Write the data out again exactly, with every picture removed.

- - - - - - -

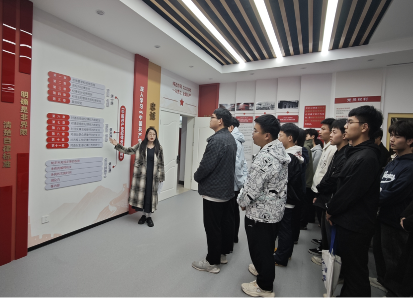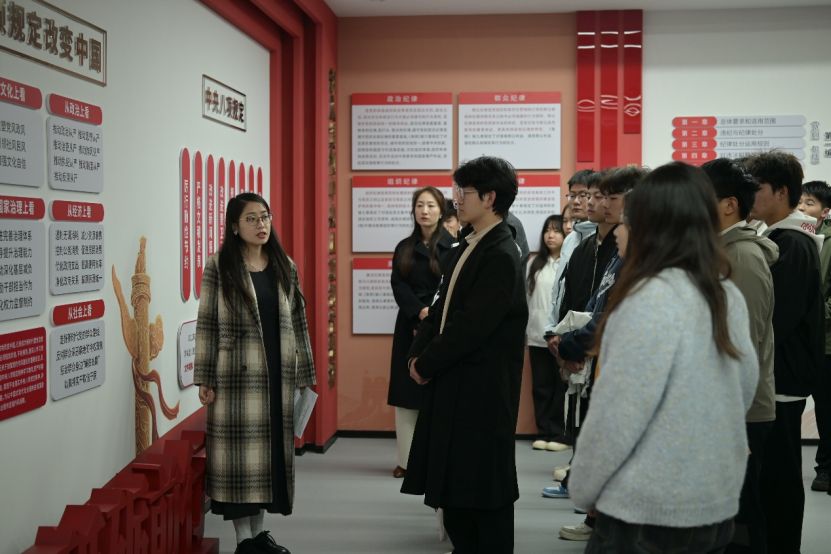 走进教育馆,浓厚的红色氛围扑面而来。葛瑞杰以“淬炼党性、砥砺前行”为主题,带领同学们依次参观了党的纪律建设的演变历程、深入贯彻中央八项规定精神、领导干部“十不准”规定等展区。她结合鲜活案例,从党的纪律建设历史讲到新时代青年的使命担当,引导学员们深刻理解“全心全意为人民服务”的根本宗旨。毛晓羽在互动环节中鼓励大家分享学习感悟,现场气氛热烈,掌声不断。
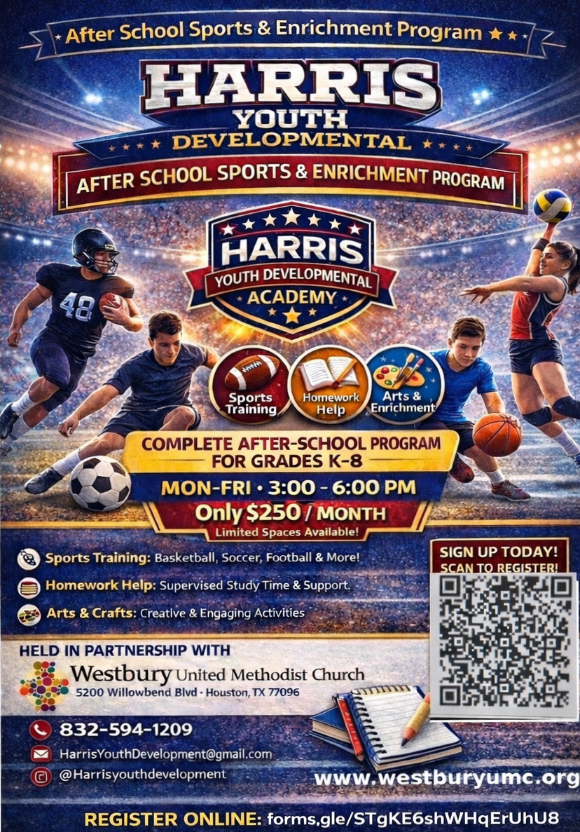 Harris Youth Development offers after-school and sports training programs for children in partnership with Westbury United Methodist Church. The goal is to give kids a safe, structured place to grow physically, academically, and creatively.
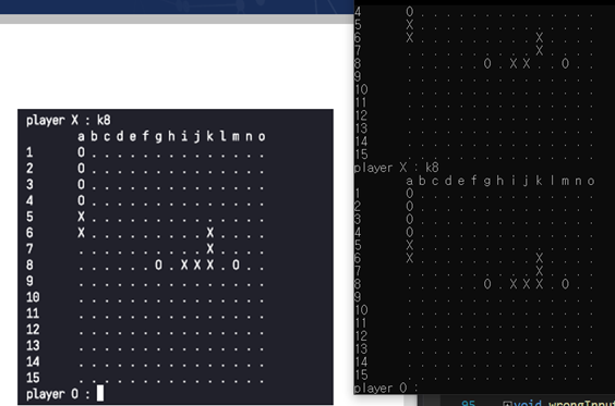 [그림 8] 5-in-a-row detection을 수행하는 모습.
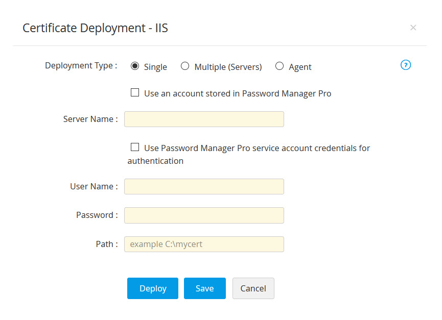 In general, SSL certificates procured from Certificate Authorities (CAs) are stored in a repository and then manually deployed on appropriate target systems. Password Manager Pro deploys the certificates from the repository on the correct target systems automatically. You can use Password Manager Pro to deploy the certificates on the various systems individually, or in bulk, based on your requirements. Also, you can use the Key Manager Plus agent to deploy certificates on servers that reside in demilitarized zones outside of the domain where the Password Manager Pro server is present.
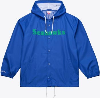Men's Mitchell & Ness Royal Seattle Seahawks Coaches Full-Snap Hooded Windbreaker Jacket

- - - - - - -

Expected answer.
 走进教育馆,浓厚的红色氛围扑面而来。葛瑞杰以“淬炼党性、砥砺前行”为主题,带领同学们依次参观了党的纪律建设的演变历程、深入贯彻中央八项规定精神、领导干部“十不准”规定等展区。她结合鲜活案例,从党的纪律建设历史讲到新时代青年的使命担当,引导学员们深刻理解“全心全意为人民服务”的根本宗旨。毛晓羽在互动环节中鼓励大家分享学习感悟,现场气氛热烈,掌声不断。
 Harris Youth Development offers after-school and sports training programs for children in partnership with Westbury United Methodist Church. The goal is to give kids a safe, structured place to grow physically, academically, and creatively.
 [그림 8] 5-in-a-row detection을 수행하는 모습.
 In general, SSL certificates procured from Certificate Authorities (CAs) are stored in a repository and then manually deployed on appropriate target systems. Password Manager Pro deploys the certificates from the repository on the correct target systems automatically. You can use Password Manager Pro to deploy the certificates on the various systems individually, or in bulk, based on your requirements. Also, you can use the Key Manager Plus agent to deploy certificates on servers that reside in demilitarized zones outside of the domain where the Password Manager Pro server is present.
Men's Mitchell & Ness Royal Seattle Seahawks Coaches Full-Snap Hooded Windbreaker Jacket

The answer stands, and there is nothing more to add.